Years ago I had a friend who had a rough patch or two in her past. She has good reason to hurt and one day she “felt scared.”

Because she “felt scared” she assumed there was a reason for this fear in her life. So she went looking for whatever it was that was making her feel scared. The problem was there wasn’t really anything in her life that was a problem, but her feelings were real and she couldn’t let it go until she found something scary. She ended up picking something and making it scary, which meant this thing had to be fixed so it wouldn’t be scary anymore.

The sad thing is, she picked her husband.

She nearly destroyed her marriage because she needed something current day to explain why she felt so scared.

I share this because recently something similar happened to me.

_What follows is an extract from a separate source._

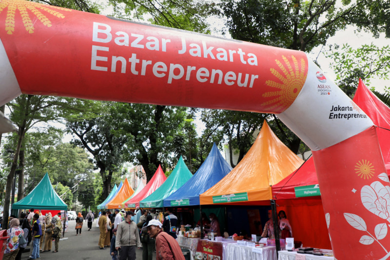 Sebanyak 30 Jakpreneur meramaikan Bazar #Ramadan yang digagas Suku Dinas Perindustrian Perdagangan Koperasi Usaha Kecil dan Menengah (PPKUKM) Jakarta Selatan di halaman Kantor Kecamatan Kebayoran Baru, Jakarta Selatan, Rabu (5/4). Bazar Ramadan ini merupakan upaya pemerintah membantu menggerakan roda perekonomian warga.

I realized I was feeling worried, tense, and scared. It went on for several days. Yes, there are things that are not great in my life, but nothing that would explain the level of my feelings. I finally had a sit down with God and said, “Lord, please, you’ve got to help me sort this out.” The upshot of it was that I’m in a period of significant change. In my history that has usually been a bad thing. I was dragging the past into my present. My present is just fine (not perfect, but good).

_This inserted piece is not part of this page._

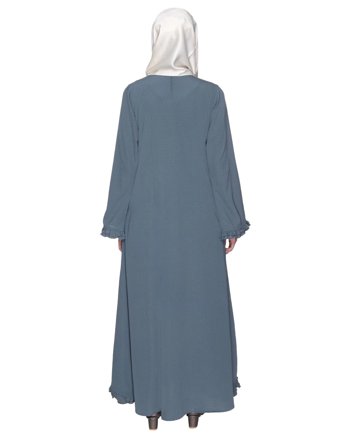 Experience luxury and comfort with our Front Close Abaya, made from premium fabric that exhibits a slightly crushed look, while maintaining a soft and pleasant feel. Crafted from high-quality polyester, this abaya is perfect for warmer seasons, offering a lightweight and breathable option that drapes beautifully and provides excellent opacity. The highlight of this garment is the stunning frill work adorning the front and sleeves, giving it a unique jacket-style look that sets it apart. Please note that the accessories, such as the Hijab, worn by the model are not included. Keep in mind that colors may slightly vary due to lighting changes. Embrace exceptional style and elegance with this remarkable Front Close Abaya, designed to make a lasting impression in your modest fashion collection.

At this point, I just needed to hang out with God and talk to Him about my past and the lies that I’ve believed because of it. I’m sorting it out and actually doing quite a bit better.

Y’all, learn from this. Are your current feelings accurate for your current situation? How much of your current situation is being affected by past wounds and feelings?

(One of the healthiest things you can do is meet regularly with a friend for prayer and encouragement. It gives you a safe place to talk this stuff out. If you feel stuck or over your head, please seek professional help.)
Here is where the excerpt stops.